* [The problem]:
Your copy should contain exactly the lines from the start of the material through the line containing "Papel De Presente", and no pictures.

* [Data segment]:

Start of Block

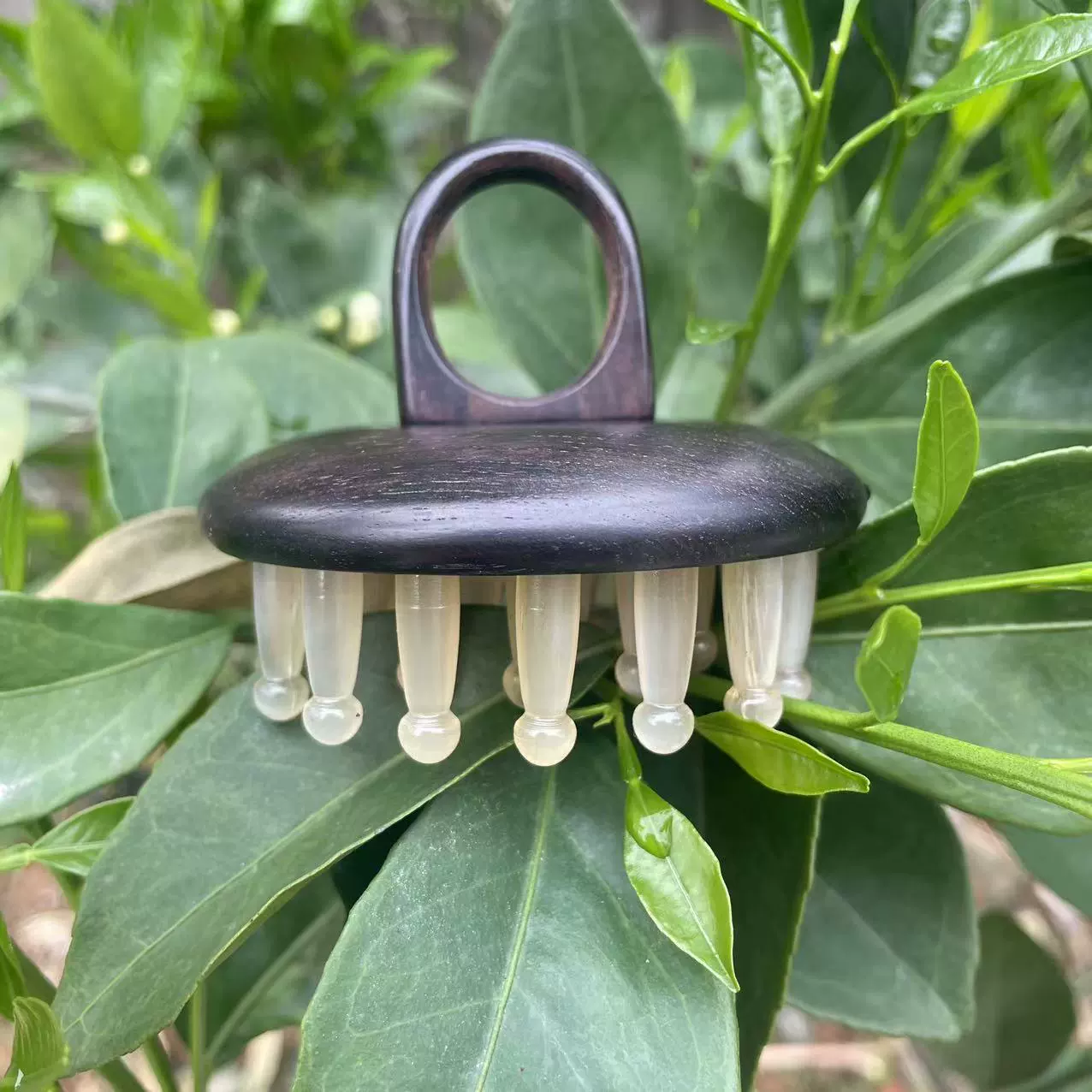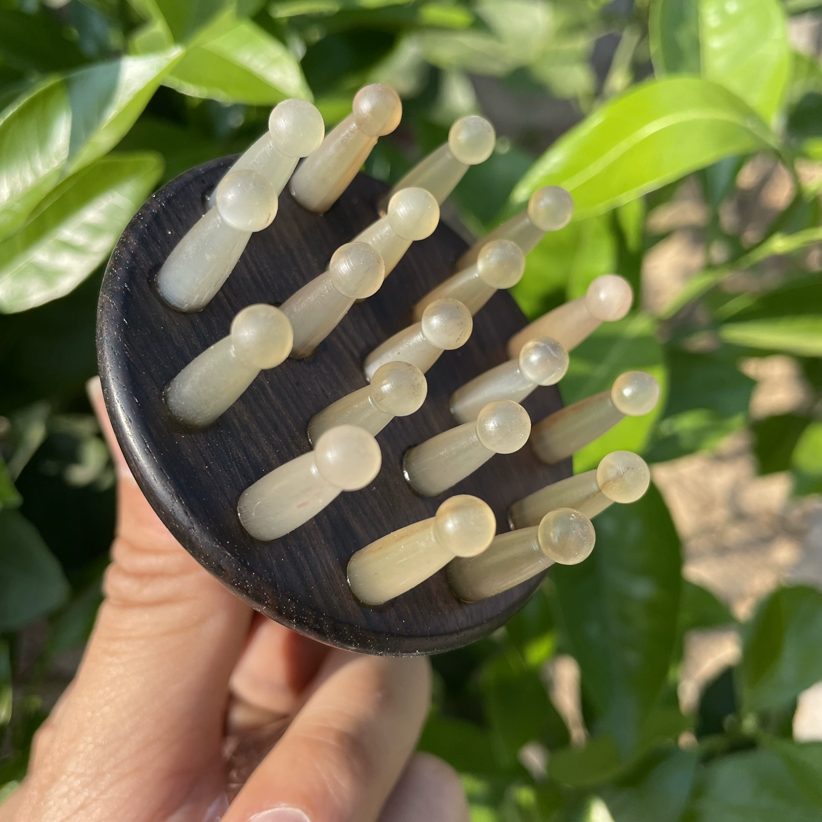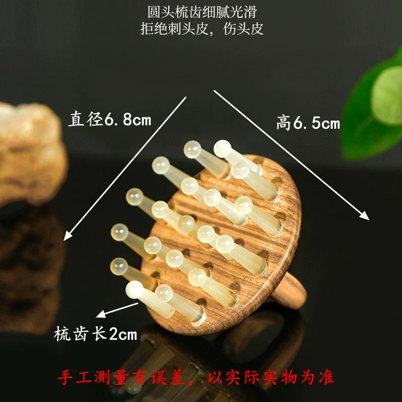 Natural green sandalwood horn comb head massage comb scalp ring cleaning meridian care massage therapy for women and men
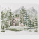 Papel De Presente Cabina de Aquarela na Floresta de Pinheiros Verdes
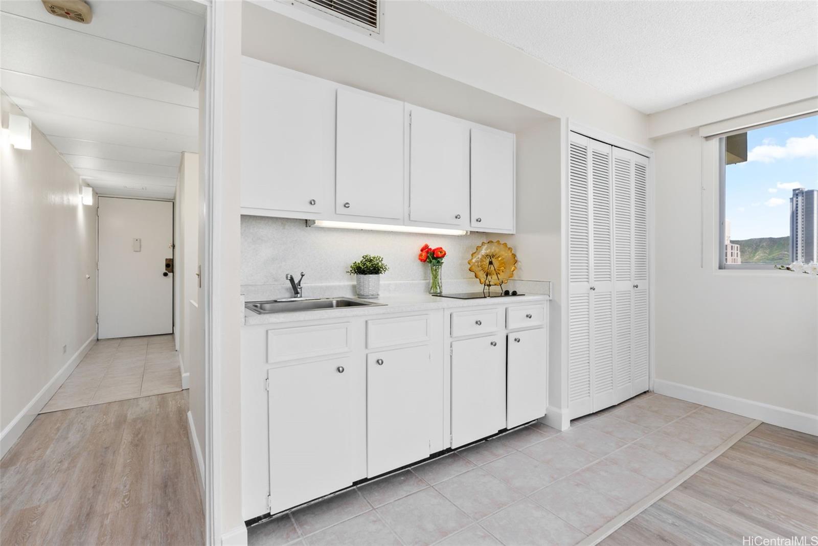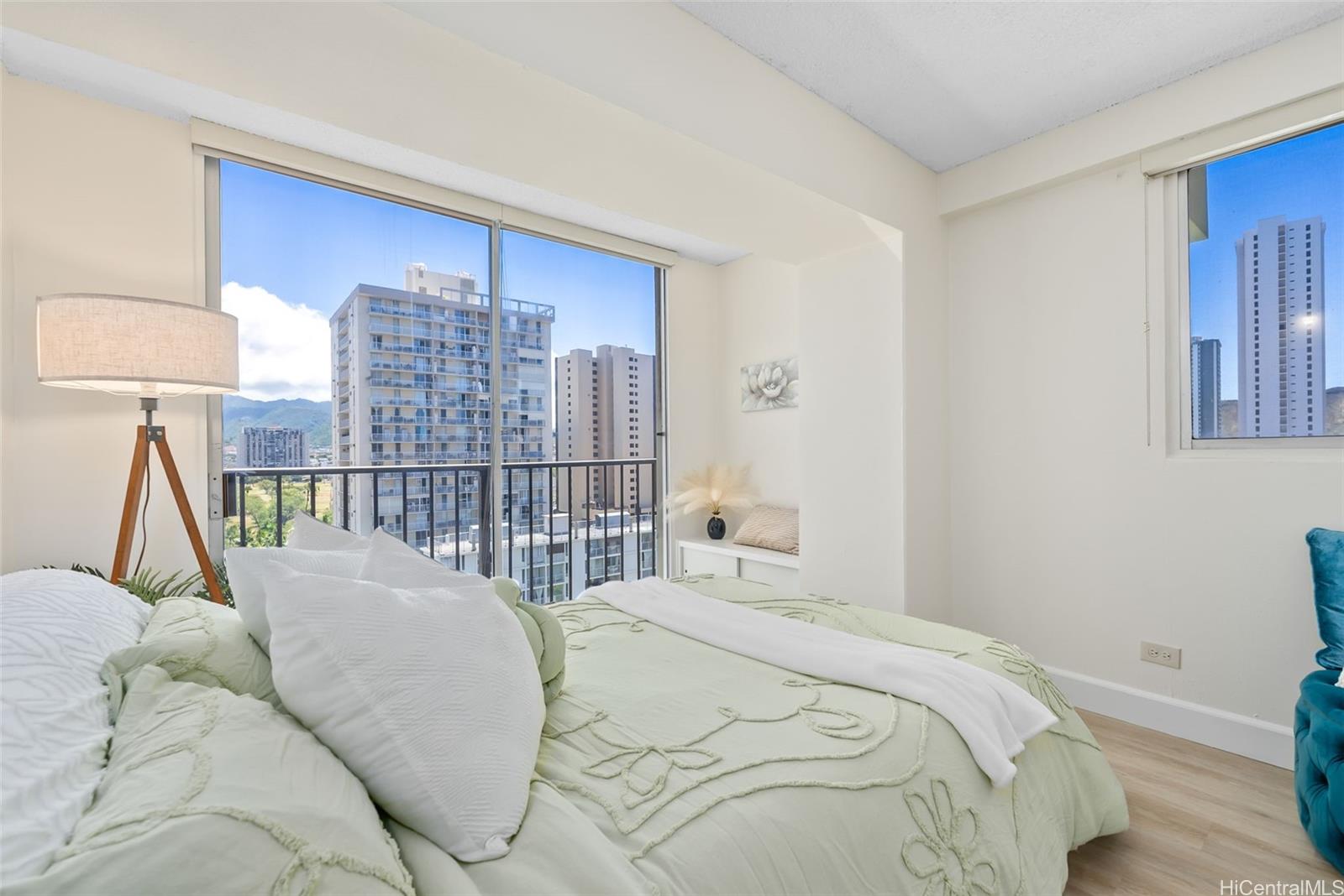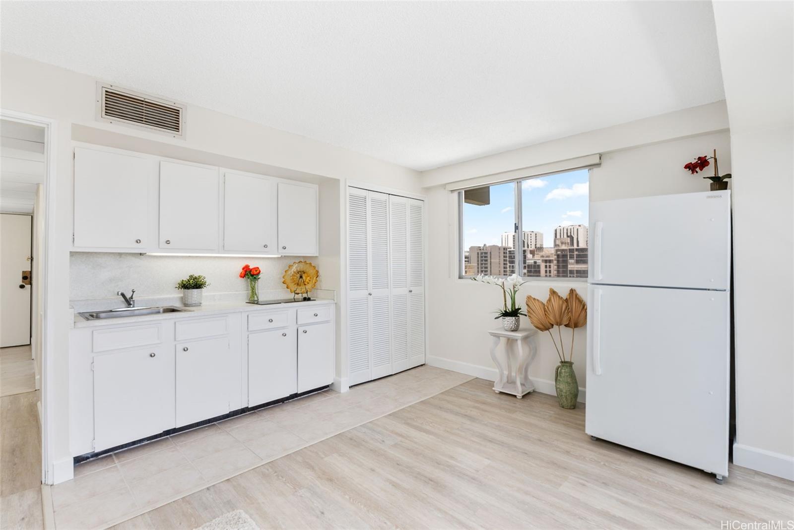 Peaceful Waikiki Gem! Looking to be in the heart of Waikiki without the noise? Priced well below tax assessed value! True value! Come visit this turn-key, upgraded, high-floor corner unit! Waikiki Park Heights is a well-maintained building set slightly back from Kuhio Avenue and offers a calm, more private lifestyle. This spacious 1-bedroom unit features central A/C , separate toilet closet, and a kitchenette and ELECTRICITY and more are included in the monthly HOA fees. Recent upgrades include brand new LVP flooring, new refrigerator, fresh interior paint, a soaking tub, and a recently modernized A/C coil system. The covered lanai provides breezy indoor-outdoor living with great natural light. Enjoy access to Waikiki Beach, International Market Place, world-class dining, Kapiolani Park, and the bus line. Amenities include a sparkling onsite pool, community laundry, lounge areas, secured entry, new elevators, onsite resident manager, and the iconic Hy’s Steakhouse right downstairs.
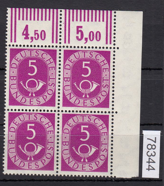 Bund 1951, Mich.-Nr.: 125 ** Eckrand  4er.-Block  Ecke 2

End of Block

* [Reply to the exercise]:
 Natural green sandalwood horn comb head massage comb scalp ring cleaning meridian care massage therapy for women and men
 Papel De Presente Cabina de Aquarela na Floresta de Pinheiros Verdes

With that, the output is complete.